For that I would like to write this:
$size_class = $size ? int( log($size) / log(2) ) : -1; # red light on, possible error caused by floating point arithmetic
Now let's forget about the special case of $size == 0. My input can only be positive integers (because these are file sizes), so I suppose the error coming from floating point arithmetic can bite me only in the case when $size is a power of 2 (in the expression $size = 2**$x the exponent is a natural number). Is this true?

But let's take it further. I've written a little test to check whether I will be bitten for all the powers of 2 that fits in my machine's floating point represantation:

bash $ diff <( perl -E 'say int( log(2**$_) / log(2) ) for 1 .. 2**10' + ) <( seq 1 $(( 2**10 )) )
The output is this:
1024c1024 < inf --- > 1024
So there is not a single power of 2 (under 2**1024) that would be misclassified at least on my machine.

So my question is: Is there a theoretical explanation (for this restricted case of floating point aritmetic) why it can't be problematic or is it just by accident?

Please shed some light on this issue.

ps: Sorry, I know this is probably not Perl specific, but my question arose because there is no log2() function in Perl. (For example with a properly setup lookup table I could be able to do this classification with integer arithmetic only, but that would be a pain instead of this little snippet.)

Comment on May I be bitten by floating point arithmetic in the following restricted case?
Select or Download Code
Re: May I be bitten by floating point arithmetic in the following restricted case?
by ikegami (Pope) on Feb 23, 2010 at 18:30 UTC

    As you know, a tiny error log($size) / log(2) could lead to a big error in the result. Perl Differences in the underlying C libraries and hardware can result in those tiny differences on other systems even if they don't exist on your own.

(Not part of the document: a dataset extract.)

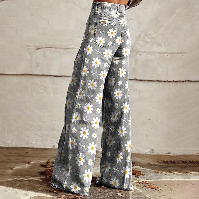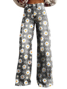 These women's pants feature a high waistband with a button and zip closure at the front. A floral pattern with daisy motifs covers the entire surface. The pants have wide legs that extend to full length. Belt loops are positioned along the waistband.

    I suppose the error coming from floating point arithmetic can bite me only in the case when $size is a power of 2

    You also need to check one less than powers of two for errors rounding up.

    249 = 562949953421312

    $ perl -E'say int( log(562949953421309) / log(2) )' 48 $ perl -E'say int( log(562949953421310) / log(2) )' 49 XXX $ perl -E'say int( log(562949953421311) / log(2) )' 49 XXX $ perl -E'say int( log(562949953421312) / log(2) )' 49 $ perl -E'say int( log(562949953421313) / log(2) )' 49

    (Problem found by accident)

Re: May I be bitten by floating point arithmetic in the following restricted case?
by kennethk (Monsignor) on Feb 23, 2010 at 18:46 UTC

    There are two limiting cases for failure here. Assuming LIMIT is a power of two, either SIZE = LIMIT could be binned too low or SIZE = LIMIT-1 could be binned too high. For the latter to happen, 1/LIMIT would have to be smaller than your number of significant figures (you can show this with a Taylor series). Obviously where that falls depends on your machine and build, but on mine that starts failing at 2**48 and will always precede the transition to floating point representation for $size.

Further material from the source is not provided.